%%

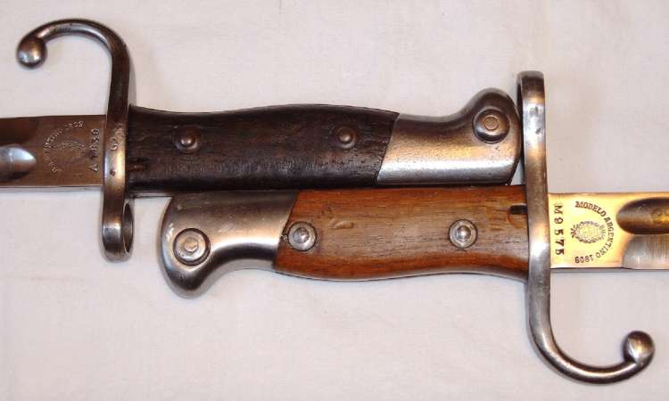 Das erste Modell wurde bei Weyersberg gefertigt. Es hat ein Gefäß in den Dimensionen für den Seitengewehrhalter des Gewehres M 1909, also ohne den später eingeführten Adapter, mit dem das zweite Modell aufgepflanzt wird. Dieses 2. Modell wurde von 2 Herstellern gefertigt, Weyersberg in Deutschland, und parallel auch in Argentinien selbst, von FMAP. Es hat einen größeren Abstand zwischen Mündungsring und Gefäßrücken, sowie ein insgesamt kürzeres Gefäß. Die ersten Stücke von Weyersberg wurden aus Rohlingen für das erste Modell gefertigt, deren Gefäße gekürzt wurden. Dabei geriet das bereits gebohrte Loch für die Griffschalenniete sehr nahe an den Knauf, so daß bei vielen Stücken die Niete vom Knauf angeschnitten wurde. Die von FMAP gefertigten Stücke haben eine T-förmige Kastenfräsung, während die Weyersberg-Stücke eine TO-Fräsung haben (sowohl 1. als auch 2. Modell). |
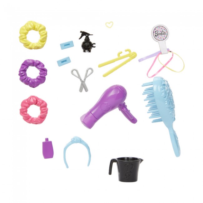 За допомогою інших аксесуарів дівчинка створюватиме ляльці стильні зачіски, а потім розчеше волосся й знову втілюватиме в життя нову неймовірно модну ідею! Вигадувати можна безліч зачісок, для цього є дві заколки, три скранчі, одна пов’язка на голову й один набір резинок. Також серед аксесуарів гребінець, ножиці, пляшечка шампуню, пульверизатор, відро та щипці для волосся.
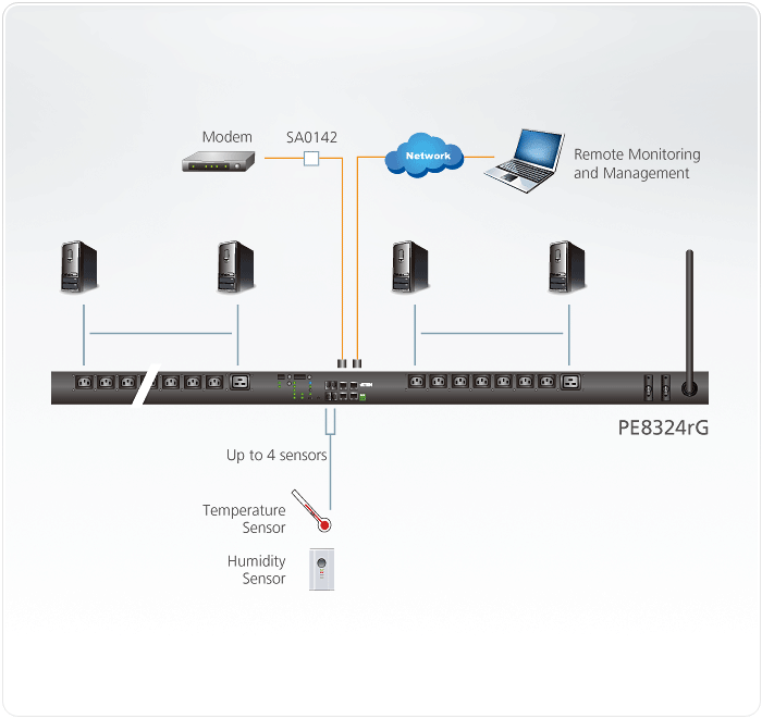 - Environment monitoring – supports external temperature/temperature & humidity sensors for rack temperature and humidity monitoring

%%

**Activity**. Transcribe all of the material exactly, leaving out whatever pictures it contains.

**Answer box**.
 Das erste Modell wurde bei Weyersberg gefertigt. Es hat ein Gefäß in den Dimensionen für den Seitengewehrhalter des Gewehres M 1909, also ohne den später eingeführten Adapter, mit dem das zweite Modell aufgepflanzt wird. Dieses 2. Modell wurde von 2 Herstellern gefertigt, Weyersberg in Deutschland, und parallel auch in Argentinien selbst, von FMAP. Es hat einen größeren Abstand zwischen Mündungsring und Gefäßrücken, sowie ein insgesamt kürzeres Gefäß. Die ersten Stücke von Weyersberg wurden aus Rohlingen für das erste Modell gefertigt, deren Gefäße gekürzt wurden. Dabei geriet das bereits gebohrte Loch für die Griffschalenniete sehr nahe an den Knauf, so daß bei vielen Stücken die Niete vom Knauf angeschnitten wurde. Die von FMAP gefertigten Stücke haben eine T-förmige Kastenfräsung, während die Weyersberg-Stücke eine TO-Fräsung haben (sowohl 1. als auch 2. Modell). |
 За допомогою інших аксесуарів дівчинка створюватиме ляльці стильні зачіски, а потім розчеше волосся й знову втілюватиме в життя нову неймовірно модну ідею! Вигадувати можна безліч зачісок, для цього є дві заколки, три скранчі, одна пов’язка на голову й один набір резинок. Також серед аксесуарів гребінець, ножиці, пляшечка шампуню, пульверизатор, відро та щипці для волосся.
 - Environment monitoring – supports external temperature/temperature & humidity sensors for rack temperature and humidity monitoring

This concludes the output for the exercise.